Every line of the listing below from the one with "The power and" up to and including the one with "On the initiative" should be retyped exactly, and nothing else; pictures are not part of the copy.

## [INFORMATION PROVIDED]
◇ ◇ ◇ ◇ ◇

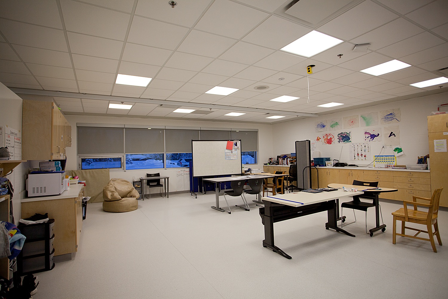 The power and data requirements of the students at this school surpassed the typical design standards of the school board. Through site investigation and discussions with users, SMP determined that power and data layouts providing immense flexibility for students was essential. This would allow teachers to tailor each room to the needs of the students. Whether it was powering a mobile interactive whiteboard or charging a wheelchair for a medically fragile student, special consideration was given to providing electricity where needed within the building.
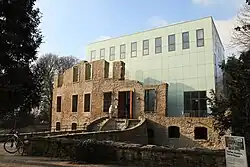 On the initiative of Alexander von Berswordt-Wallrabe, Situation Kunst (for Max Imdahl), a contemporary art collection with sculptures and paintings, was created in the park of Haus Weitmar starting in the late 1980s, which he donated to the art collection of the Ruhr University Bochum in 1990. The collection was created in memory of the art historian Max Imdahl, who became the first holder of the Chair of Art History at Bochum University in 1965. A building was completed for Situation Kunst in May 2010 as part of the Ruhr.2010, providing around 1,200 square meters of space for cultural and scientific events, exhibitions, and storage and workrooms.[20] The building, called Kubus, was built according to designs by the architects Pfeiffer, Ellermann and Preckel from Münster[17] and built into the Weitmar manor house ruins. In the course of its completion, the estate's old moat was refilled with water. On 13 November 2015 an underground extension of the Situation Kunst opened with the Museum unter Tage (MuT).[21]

◇ ◇ ◇ ◇ ◇

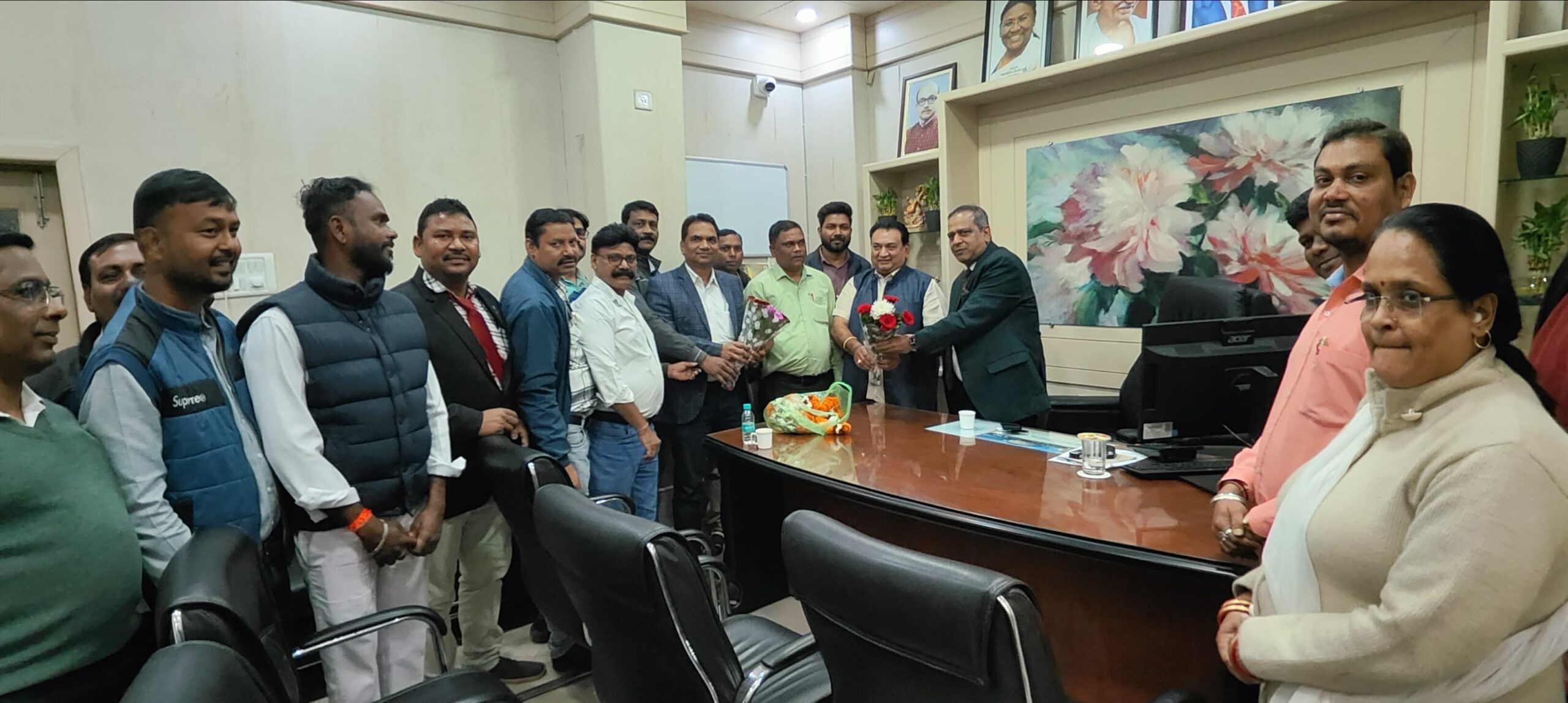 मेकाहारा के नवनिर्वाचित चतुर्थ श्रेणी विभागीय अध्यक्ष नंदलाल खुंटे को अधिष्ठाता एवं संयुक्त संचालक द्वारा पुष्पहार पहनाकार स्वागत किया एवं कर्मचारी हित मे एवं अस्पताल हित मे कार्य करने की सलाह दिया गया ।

◇ ◇ ◇ ◇ ◇

## [RESULT BELOW]
 The power and data requirements of the students at this school surpassed the typical design standards of the school board. Through site investigation and discussions with users, SMP determined that power and data layouts providing immense flexibility for students was essential. This would allow teachers to tailor each room to the needs of the students. Whether it was powering a mobile interactive whiteboard or charging a wheelchair for a medically fragile student, special consideration was given to providing electricity where needed within the building.
 On the initiative of Alexander von Berswordt-Wallrabe, Situation Kunst (for Max Imdahl), a contemporary art collection with sculptures and paintings, was created in the park of Haus Weitmar starting in the late 1980s, which he donated to the art collection of the Ruhr University Bochum in 1990. The collection was created in memory of the art historian Max Imdahl, who became the first holder of the Chair of Art History at Bochum University in 1965. A building was completed for Situation Kunst in May 2010 as part of the Ruhr.2010, providing around 1,200 square meters of space for cultural and scientific events, exhibitions, and storage and workrooms.[20] The building, called Kubus, was built according to designs by the architects Pfeiffer, Ellermann and Preckel from Münster[17] and built into the Weitmar manor house ruins. In the course of its completion, the estate's old moat was refilled with water. On 13 November 2015 an underground extension of the Situation Kunst opened with the Museum unter Tage (MuT).[21]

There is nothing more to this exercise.